El científico canadiense Drucker recibe un premio internacional por la investigación de la diabetes

TORONTO – El Dr. Daniel Drucker no esperaba que sus décadas de investigación innovadora sobre las hormonas intestinales atrajera tanta atención en las primeras etapas de la pandemia de COVID-19.

El endocrinólogo y científico principal de Sinai Health, quien fue nombrado ganador del Premio Internacional Gairdner de Canadá 2021 el miércoles, se había centrado en los tratamientos para la diabetes y la obesidad que le valieron el renombre cuando la pandemia cerró inicialmente su laboratorio en marzo pasado.

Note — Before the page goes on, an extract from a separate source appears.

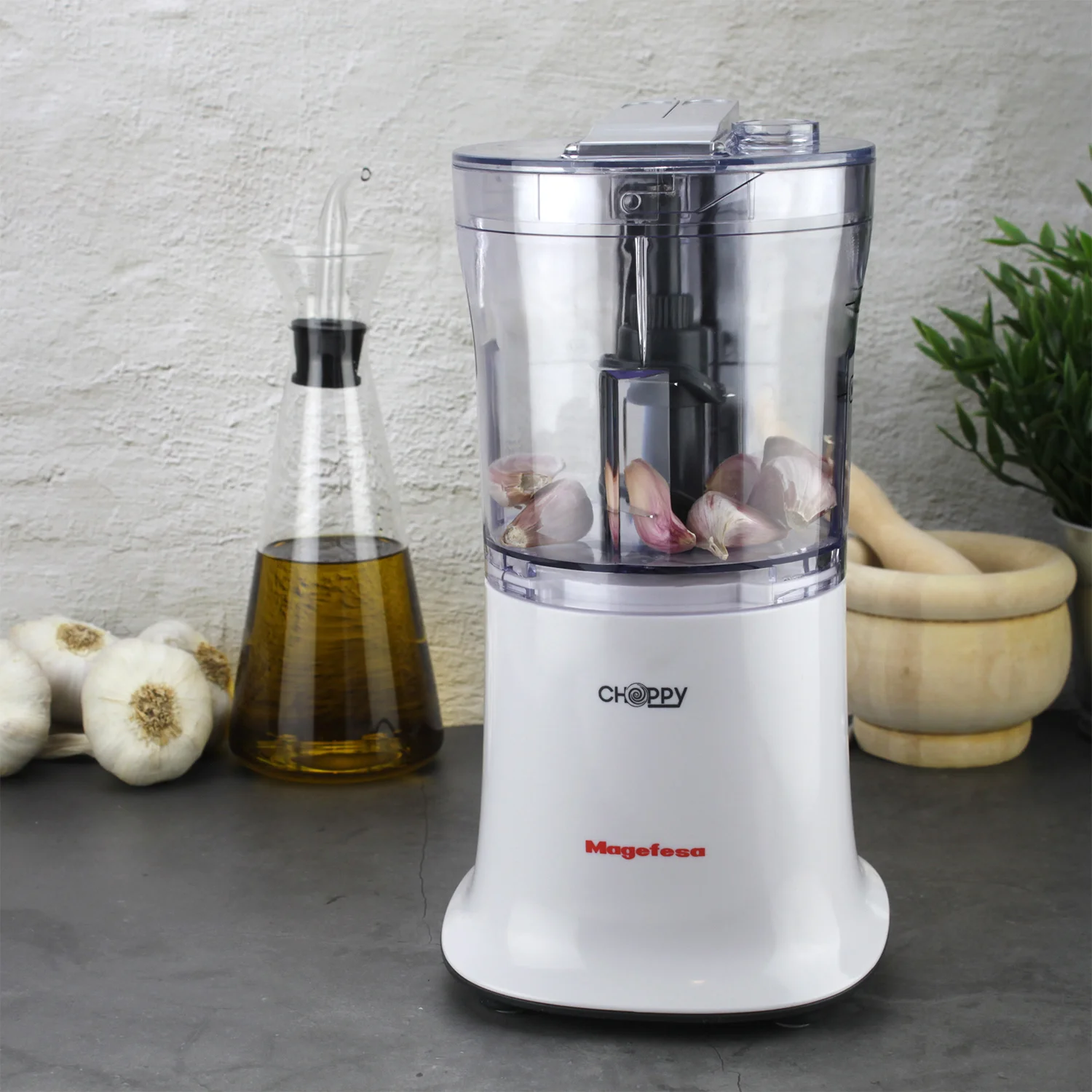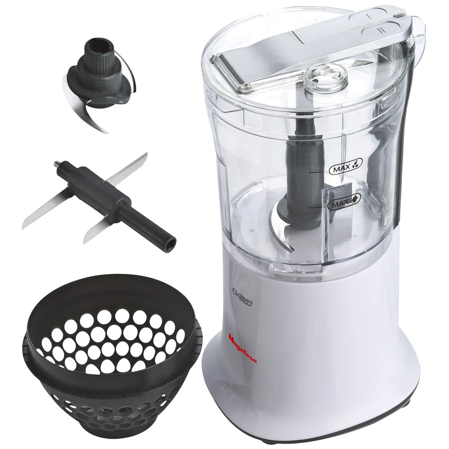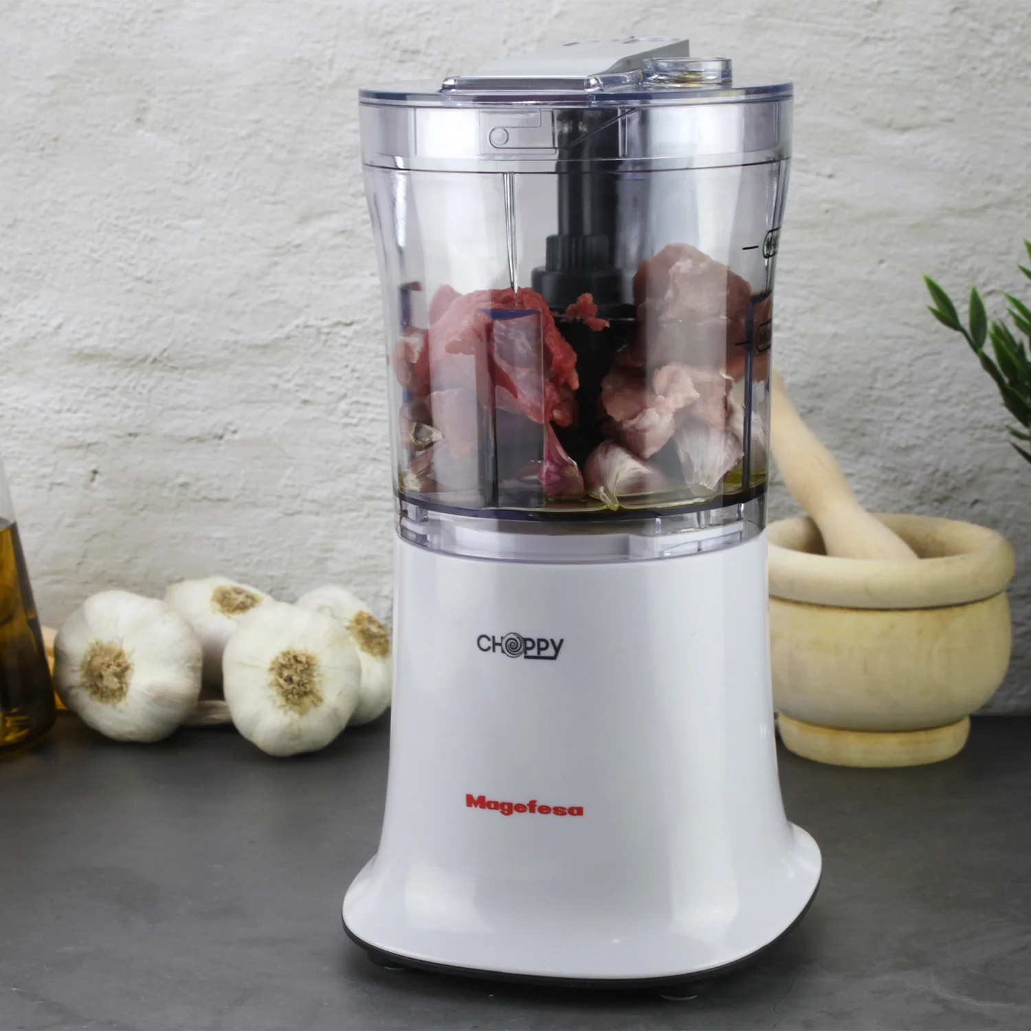 Da un salto de calidad en tu cocina con la MAGEFESA CHOPPY picadora eléctrica. Sus 500 W de potencia y 2 velocidades te permiten picar, rallar, emulsionar, licuar o batir con precisión, adaptando cada preparación a la textura que deseas. Incorpora dos juegos de cuchillas de acero inoxidable: una de 4 hojas para acabados finos y otra de 3 hojas para cortes más gruesos y uniformes, logrando resultados perfectos en salsas, guisos o cremas.

Pero poco después, comenzó a llegar una avalancha de llamadas y correos electrónicos de científicos que querían saber si una de las enzimas que había estado estudiando durante años, la dipeptidil-peptidasa-4 (DPP4), actuaba como un receptor del SARS-CoV-2, lo que permitía que el virus ingrese a las células de la misma manera que lo hizo con otros coronavirus como el MERS.

Y si es así, ¿podría el tratamiento para la diabetes que él ayudó a desarrollar tratar a los pacientes con COVID?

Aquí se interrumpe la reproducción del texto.